***** GIVEN DATA *****

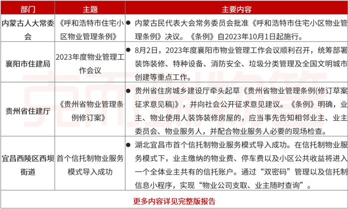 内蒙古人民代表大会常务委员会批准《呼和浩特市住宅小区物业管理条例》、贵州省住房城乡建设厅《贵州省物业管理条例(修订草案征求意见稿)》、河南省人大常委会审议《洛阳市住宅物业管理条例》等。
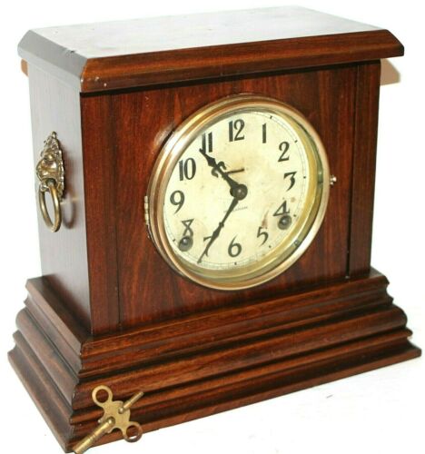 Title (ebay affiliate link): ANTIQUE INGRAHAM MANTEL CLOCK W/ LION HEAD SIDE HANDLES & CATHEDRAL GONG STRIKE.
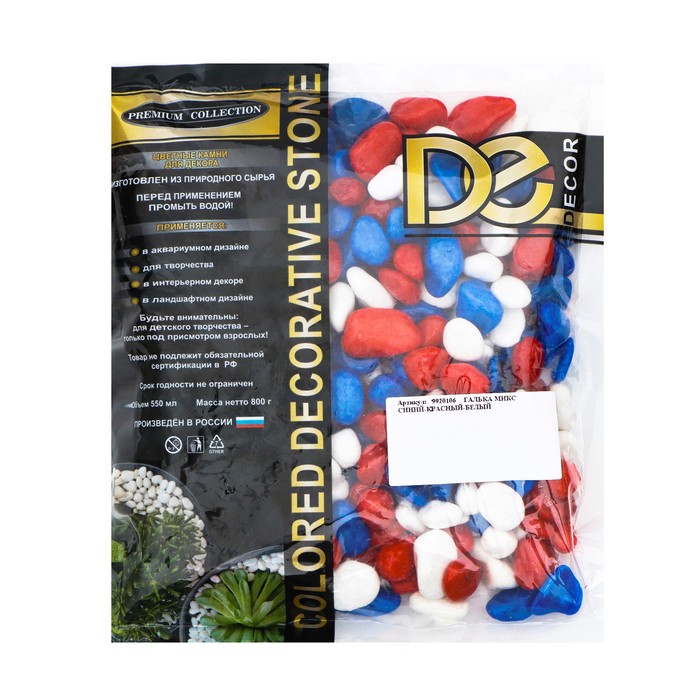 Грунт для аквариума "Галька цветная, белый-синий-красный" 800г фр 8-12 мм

*****

— PROBLEM DESCRIPTION —
Without including any image, reproduce the full listing above as written.

— REPLY TO THE TASK —
 内蒙古人民代表大会常务委员会批准《呼和浩特市住宅小区物业管理条例》、贵州省住房城乡建设厅《贵州省物业管理条例(修订草案征求意见稿)》、河南省人大常委会审议《洛阳市住宅物业管理条例》等。
 Title (ebay affiliate link): ANTIQUE INGRAHAM MANTEL CLOCK W/ LION HEAD SIDE HANDLES & CATHEDRAL GONG STRIKE.
 Грунт для аквариума "Галька цветная, белый-синий-красный" 800г фр 8-12 мм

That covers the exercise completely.